Each line from the one holding "L'Amministrazione Comunale di" to the last line of the listing must be set down exactly. No pictures are to be included.
Record extracts START
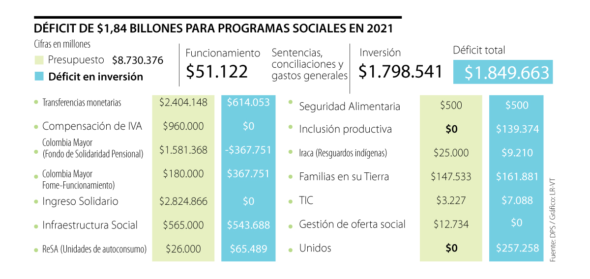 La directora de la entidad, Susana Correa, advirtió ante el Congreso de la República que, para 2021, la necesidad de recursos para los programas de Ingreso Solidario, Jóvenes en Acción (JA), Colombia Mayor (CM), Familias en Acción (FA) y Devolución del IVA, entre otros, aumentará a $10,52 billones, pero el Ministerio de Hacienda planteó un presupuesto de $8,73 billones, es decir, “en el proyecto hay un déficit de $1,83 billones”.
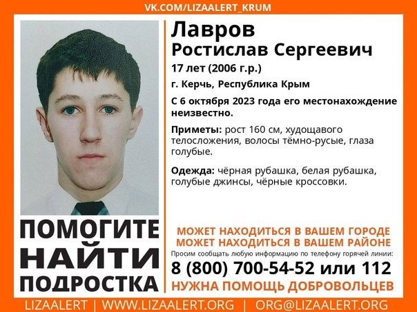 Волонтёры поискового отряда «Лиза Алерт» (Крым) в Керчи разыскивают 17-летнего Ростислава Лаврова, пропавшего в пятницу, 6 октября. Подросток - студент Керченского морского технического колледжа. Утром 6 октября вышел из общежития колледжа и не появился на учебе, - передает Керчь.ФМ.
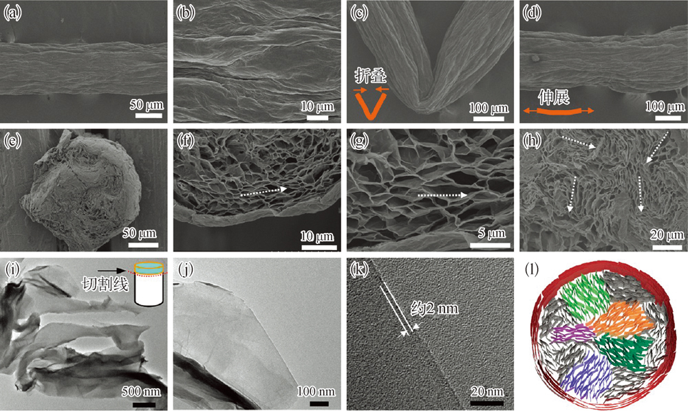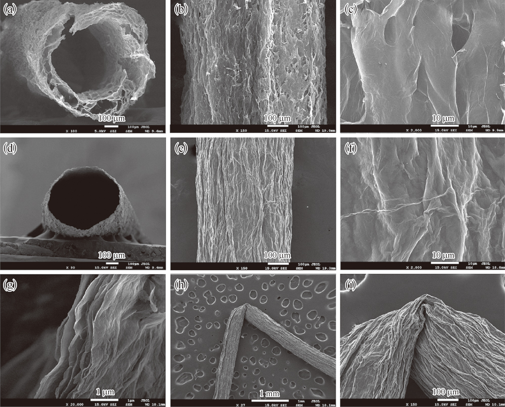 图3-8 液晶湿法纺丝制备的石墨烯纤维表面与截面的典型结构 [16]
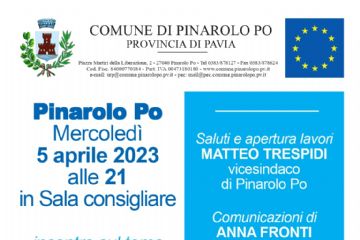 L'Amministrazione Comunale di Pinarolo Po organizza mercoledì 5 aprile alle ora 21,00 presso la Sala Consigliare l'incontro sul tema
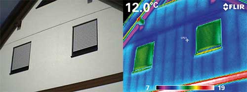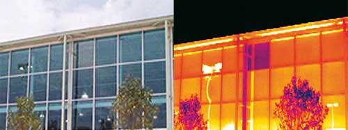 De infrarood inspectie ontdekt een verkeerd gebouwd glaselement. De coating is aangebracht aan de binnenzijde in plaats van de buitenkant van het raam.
Record extracts END
■ Result:
 L'Amministrazione Comunale di Pinarolo Po organizza mercoledì 5 aprile alle ora 21,00 presso la Sala Consigliare l'incontro sul tema
 De infrarood inspectie ontdekt een verkeerd gebouwd glaselement. De coating is aangebracht aan de binnenzijde in plaats van de buitenkant van het raam.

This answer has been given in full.